Assigned task -> Reproduce the section of the listing that begins at the line containing "De afbeelding 'Turnhout" and finishes at the line containing "Нажмудин Гоцинский (1859–1925)". Include both end lines and nothing beyond them.

Task data ->
=== Section Start ===

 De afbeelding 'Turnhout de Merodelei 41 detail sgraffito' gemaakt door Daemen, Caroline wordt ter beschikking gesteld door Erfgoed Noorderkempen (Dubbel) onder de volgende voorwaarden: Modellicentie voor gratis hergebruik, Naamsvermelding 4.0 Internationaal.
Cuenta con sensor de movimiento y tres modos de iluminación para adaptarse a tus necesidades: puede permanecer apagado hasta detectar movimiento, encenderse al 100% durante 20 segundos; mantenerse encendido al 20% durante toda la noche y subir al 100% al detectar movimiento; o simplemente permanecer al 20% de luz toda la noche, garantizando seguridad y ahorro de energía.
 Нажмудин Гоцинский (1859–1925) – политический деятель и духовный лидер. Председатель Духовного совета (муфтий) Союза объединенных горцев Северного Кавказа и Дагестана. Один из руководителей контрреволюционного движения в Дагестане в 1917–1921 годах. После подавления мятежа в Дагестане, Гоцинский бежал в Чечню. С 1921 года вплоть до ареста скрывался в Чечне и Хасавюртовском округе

=== Section End ===
=== Section Start ===

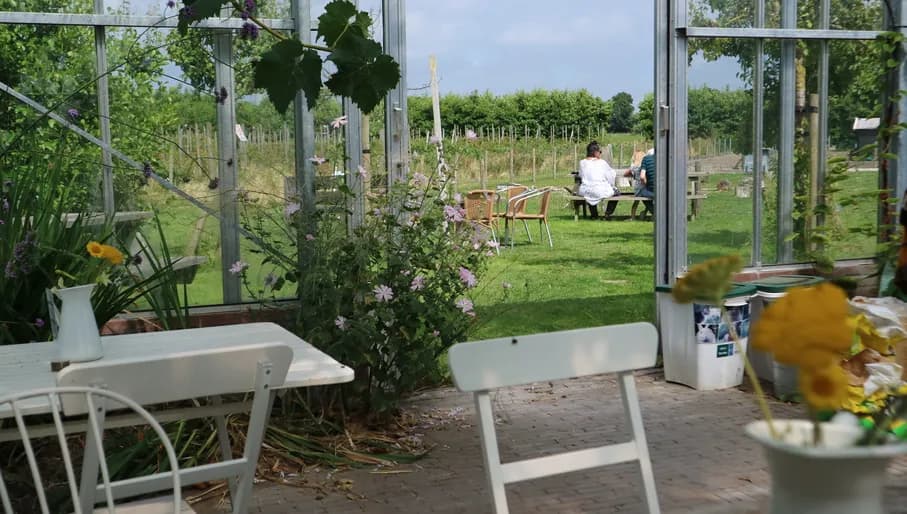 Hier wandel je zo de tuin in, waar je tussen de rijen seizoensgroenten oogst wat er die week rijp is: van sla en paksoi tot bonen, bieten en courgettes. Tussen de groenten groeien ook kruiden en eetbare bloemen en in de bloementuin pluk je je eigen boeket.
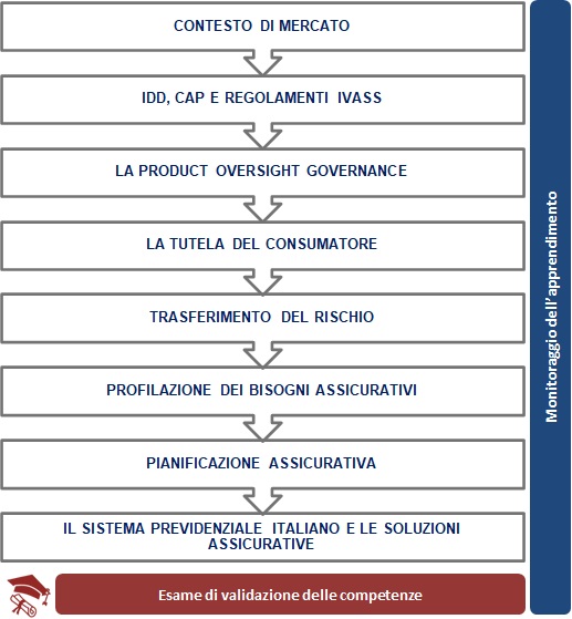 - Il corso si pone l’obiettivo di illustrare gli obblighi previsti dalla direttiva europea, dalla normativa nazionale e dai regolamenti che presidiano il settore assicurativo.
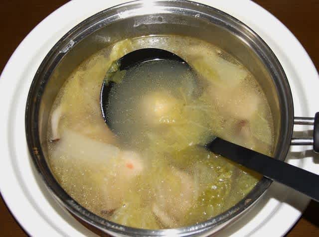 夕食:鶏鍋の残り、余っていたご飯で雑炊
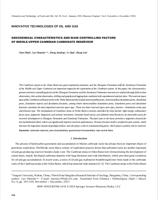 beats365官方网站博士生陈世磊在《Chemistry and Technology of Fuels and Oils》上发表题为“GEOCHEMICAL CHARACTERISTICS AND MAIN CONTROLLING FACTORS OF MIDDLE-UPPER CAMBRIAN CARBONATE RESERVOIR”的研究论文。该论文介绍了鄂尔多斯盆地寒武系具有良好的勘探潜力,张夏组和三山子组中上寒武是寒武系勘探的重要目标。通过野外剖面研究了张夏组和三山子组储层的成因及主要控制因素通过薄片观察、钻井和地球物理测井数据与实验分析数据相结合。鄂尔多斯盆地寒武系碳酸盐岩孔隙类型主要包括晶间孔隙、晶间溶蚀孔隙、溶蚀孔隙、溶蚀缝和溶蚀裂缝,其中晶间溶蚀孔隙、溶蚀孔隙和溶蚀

=== Section End ===
=== Section Start ===

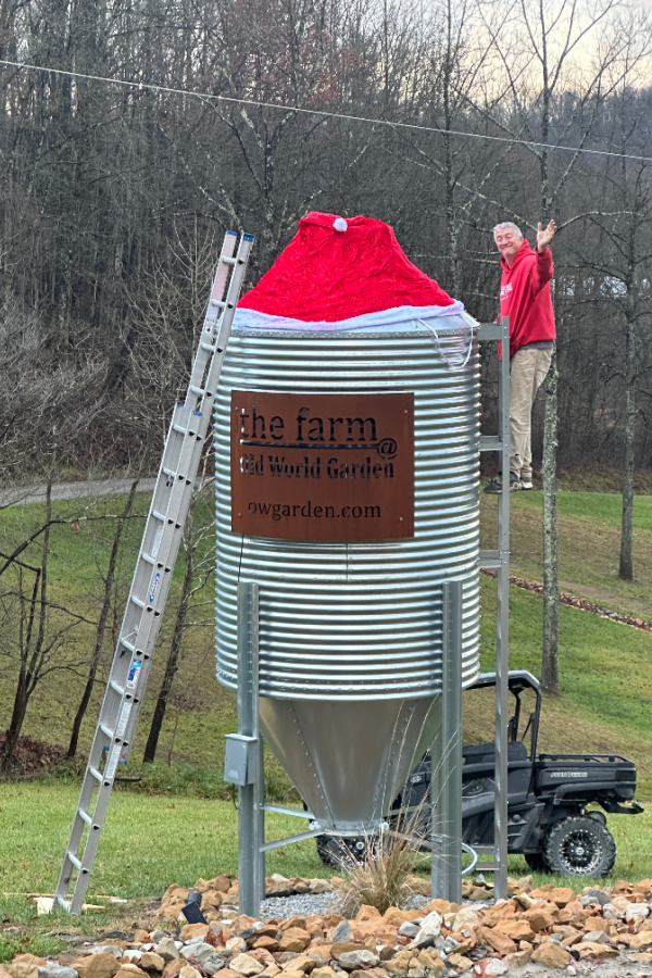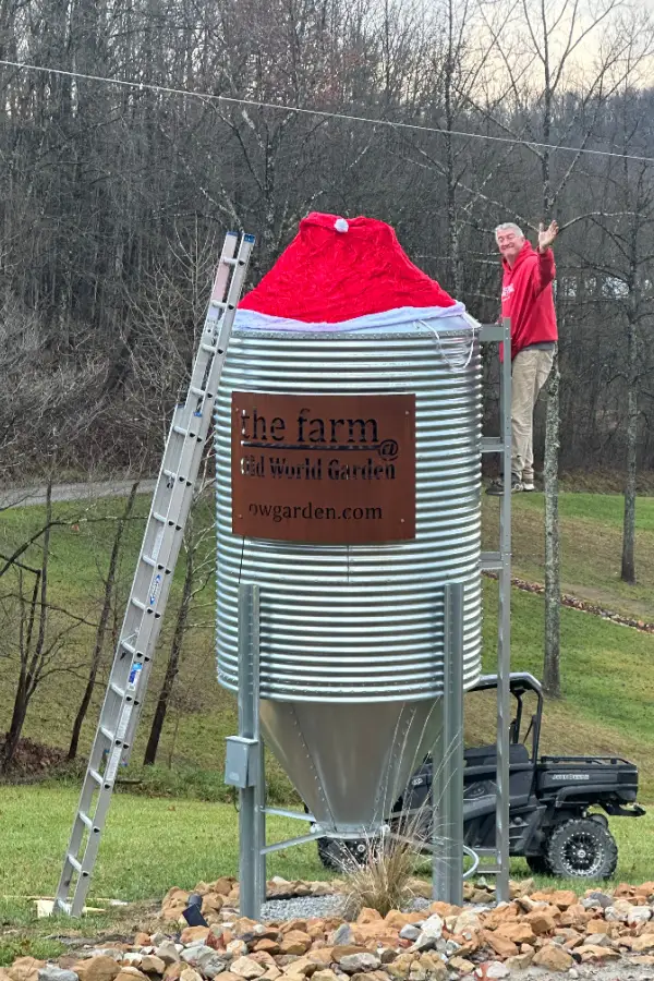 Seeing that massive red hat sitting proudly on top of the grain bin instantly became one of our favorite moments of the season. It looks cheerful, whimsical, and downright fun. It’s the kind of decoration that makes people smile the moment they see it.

=== Section End ===

Output for this task ->
 De afbeelding 'Turnhout de Merodelei 41 detail sgraffito' gemaakt door Daemen, Caroline wordt ter beschikking gesteld door Erfgoed Noorderkempen (Dubbel) onder de volgende voorwaarden: Modellicentie voor gratis hergebruik, Naamsvermelding 4.0 Internationaal.
Cuenta con sensor de movimiento y tres modos de iluminación para adaptarse a tus necesidades: puede permanecer apagado hasta detectar movimiento, encenderse al 100% durante 20 segundos; mantenerse encendido al 20% durante toda la noche y subir al 100% al detectar movimiento; o simplemente permanecer al 20% de luz toda la noche, garantizando seguridad y ahorro de energía.
 Нажмудин Гоцинский (1859–1925) – политический деятель и духовный лидер. Председатель Духовного совета (муфтий) Союза объединенных горцев Северного Кавказа и Дагестана. Один из руководителей контрреволюционного движения в Дагестане в 1917–1921 годах. После подавления мятежа в Дагестане, Гоцинский бежал в Чечню. С 1921 года вплоть до ареста скрывался в Чечне и Хасавюртовском округе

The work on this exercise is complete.